# Transition from Indoor to Outdoor Potty Training



## Olive'smom (Nov 21, 2012)

Hi hav lovers!
Apart from the occasional trip out in his crate to meet new friends and family, my boy Olive has been cooped up in my apartment in NYC. Not for long! Today he gets his third round of shots and can finally walk on the city streets! For the past month, we've had him in the apartment, confined to an ex-pen when we can't watch him and letting him just into our living room/bedroom when we can keep a close eye on him. I leave the apartment to work for about 4.5 hours a day and he stays in his ex-pen with his wee wee pads and crate. My question his how to proceed with potty training now that he can go outdoors. I want him to have the option to use a wee-wee pad indoors because I don't think he can last the whole time I'm at work without peeing.
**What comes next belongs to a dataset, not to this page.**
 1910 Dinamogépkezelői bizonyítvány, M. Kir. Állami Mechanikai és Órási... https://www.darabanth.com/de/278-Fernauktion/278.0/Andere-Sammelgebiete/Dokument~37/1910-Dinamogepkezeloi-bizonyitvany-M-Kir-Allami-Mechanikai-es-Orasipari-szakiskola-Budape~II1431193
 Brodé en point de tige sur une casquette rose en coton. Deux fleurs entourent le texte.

But I also want him to learn to tell me if he has to go out when I'm home. Is it even possible to do both things at once? Any training ideas? Any advice would be mightily appreciated!


----------



## krandall (Jun 11, 2009)

I found with Kodi that it happened by itself, but it took time. From the very beginning, Kodi would go when he he needed to if he was outdoors. He learned early that both outdoors and his litter boxes were "OK" places to potty... everywhere else was "not OK". Very early, he showed a definite preference for pooping outdoors, even though he was happy to pee in the litter box. He would only poop in the litter box if there was no other option.
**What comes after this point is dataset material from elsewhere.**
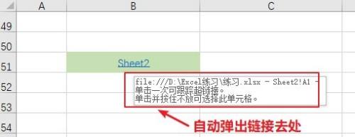 将鼠标移入单位格B51区域,鼠标主动变更手形,并显示链接目标地,点击后主动跳转到Sheet2的A1单位格。
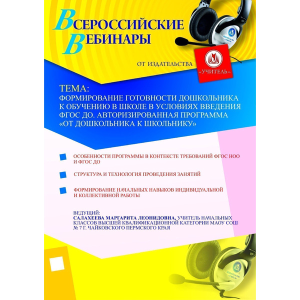 Приглашаем учителей начальных классов, воспитателей ДОО, педагогов дополнительного образования, специальных педагогов, заместителей директора по УВР, методистов и руководителей методических объединений принять участие в offline-вебинаре «Формирование готовности дошкольника к обучению в школе в условиях введения ФГОС ДО. Авторизированная программа “От дошкольника к школьнику”».

But I have to say, that for almost his first 2 years, while he MOSTLY went outdoors, because I took him out at the times I knew he'd need to go, he NEVER "asked" to go out. I know some people are successful teaching their dog to use bells as a signal, but although Kodi is very bright, and very trainable in other ways, he NEVER caught onto the bells, even after months of consistent work. I finally took them down because they were scratching the woodwork and he never used them independently.
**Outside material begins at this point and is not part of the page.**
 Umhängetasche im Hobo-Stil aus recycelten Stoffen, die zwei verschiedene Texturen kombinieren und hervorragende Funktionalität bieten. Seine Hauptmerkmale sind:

Then, shortly after his second birthday, I heard this deep "woof", a sound I'd never heard him make before, and went to find him standing at the door. We went out, he pottied, and came right back in. From that day, this deep "woof" became his signal, one he made for himself. I know other dogs use other signals.

I know Tom King has said many times that for most pups, good potty behavior is "habit" (and the responsibility of the owner) for at least the first year, often for much longer. It is only as they mature that, eventually, they make the cognitive connection between the "habit" and "requesting" to go out.

When you think about it, to start with, pottying is like a binary switch for a long time... the puppy learns "OK" and "not OK" places. That's MUCH easier to learn/teach than if/then scenarios. So you will probably have a LONG time when he will know that it's OK to potty on his pad OR outside, before he makes the connection that IF he gives you a signal, THEN you will take him out. It will take even longer for him to learn (if he ever really does) that IF you are home, he should tell you he needs to go out, and only IF you aren't there or can't take him out, THEN he should use the pad. See how much more complicated that is? Especially without a common language?

You may get to the stage that Kodi is, where he only uses the litter box when we can't take him out, but I don't for one minute believe that Kodi understands that this is what WE want. He just knows that if he can't get us to take him out (which he would prefer) the litter box is the other "OK" potty option.

See the difference? The result may be the same, but the understanding and intent from the dog's point of view is very different.


----------



## HalleBerry (Feb 22, 2012)

Halle has a litter box in her great dane sized crate, although I prefer her to go outside. When I'm at work during the day, my husband will take her out on a regular basis, but she always has access to her litter box. Her biggest problem is that it takes the poop a minute to fall out of her hair when she goes - so while she pooped in the box, it often falls out when she gets OUT of the box. 

She is VERY reliable through the night, but somewhat unpredictable during the day. When she's excited, she goes more frequently, and the simple thing is to just take her outside every few hours and praise her when she goes. She no longer wants a litter box when we travel - she wants to go outside - but I bring along the litter box etc. just in case the weather is rainy.

All in all, she will be a year old tomorrow and is WAY ahead of where I thought she would be at this age.


----------



## Suzi (Oct 27, 2010)

Its easier when you have a door that leads right out to a fenced in yard . If you have to walk out leashed and down stairs etc it is harder. My two love going outside except during a down pour. When I'm home they either ring the bell or bark. I have to leave them for nine hour stretches so they also have an indoor area its larger than most people would like but it seems to help stop accidents. I also leave them free during the time away. Here is my large potty area. I use outdoor mats with the rubber side up . I started with just the one mat at my new apartment then Zoey keep having accidents by the door so I added the second one and she is doing much better. She does get my bath mat mixed up with a piddle pad .


----------